Had they acknowledged any of this, and acted with appropriate finesse, the United States might still be a British possession.

2. The Americans weren't much smarter in some ways. Their attempt to get Canada to rebel and attempt to invade them was a pipe dream at best. Sure, Canada was formerly French, but the British had done a good job of convincing them their new masters were far better than their former ones, and Americans thinking Canadians were gonna switch sides were just too stupid to read the room and blinded by their own bias.

3. The overall British strategy was dense. They thought they had to crush the rebel armies to win. What they needed to do, and failed miserably at doing, was break their spirit. Further, it was going to be easier to break the Britsh than it was the Americans because the longer things dragged out, the more pain it would deal with the British financially and morally, which it did. The American side was far more realistic in realizing all they had to do was outlast the other side.

4. Back to American stupidity, albeit not something they could have known without the benefit of hindsight, was that most of their officers who were ex-British Army in high places like Charles Lee and Horatio Gates were worse than useless. They might have had former military experience, but both were vainglorious, egotistical, and borderline traitors with how they spent more time trying to screw over their boss George Washington than they did showing battlefield competence. Both dropped the ball at several crucial intervals, and both ended their careers in disgrace as a result of this.

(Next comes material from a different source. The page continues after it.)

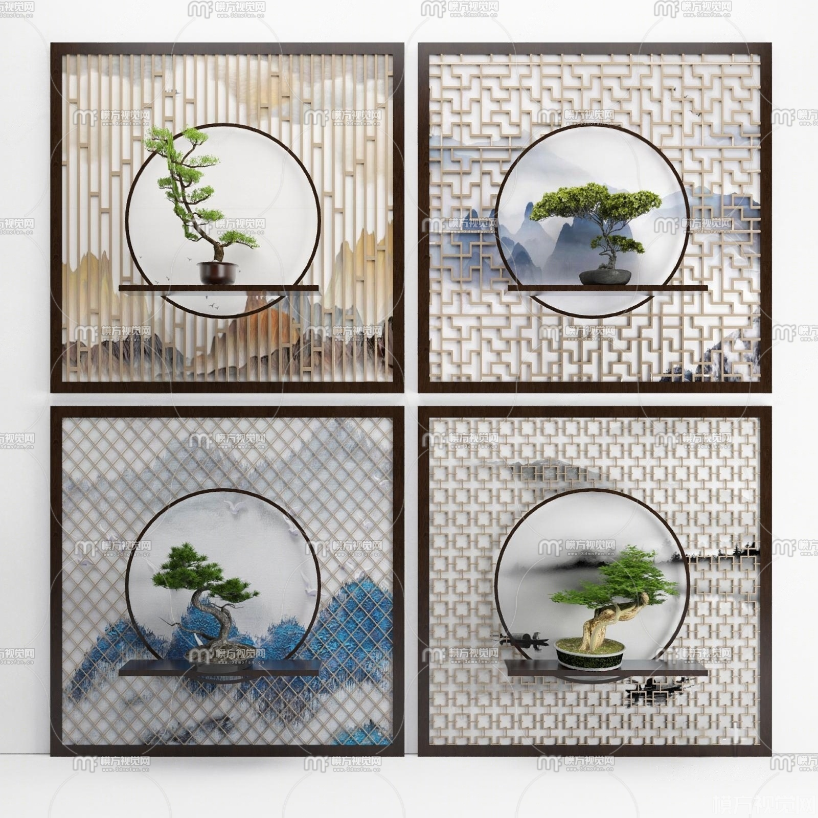 新中式屏风隔断端景台3D模型(ID:0027457)

5. Turning back to British stupidity, they had this deluded notion that all they had to do was win battles and their loyal subjects would flock to plug any holes in holding these areas. While admittedly not entirely dense in some loyalist intensive places like New York, this idea cost them dearly elsewhere as they had a poor idea of just how many Americans still wanted to be loyal elsewhere. Cornwallis had his forces in the Carolinas nigh obliterated because of this delusion.

There are some other moments of idiocy worth covering, but these I consider some of the dimmest bulbs of an event where both sides were a bit dense, just the American side let fewer neurons spark out than the British in the long run.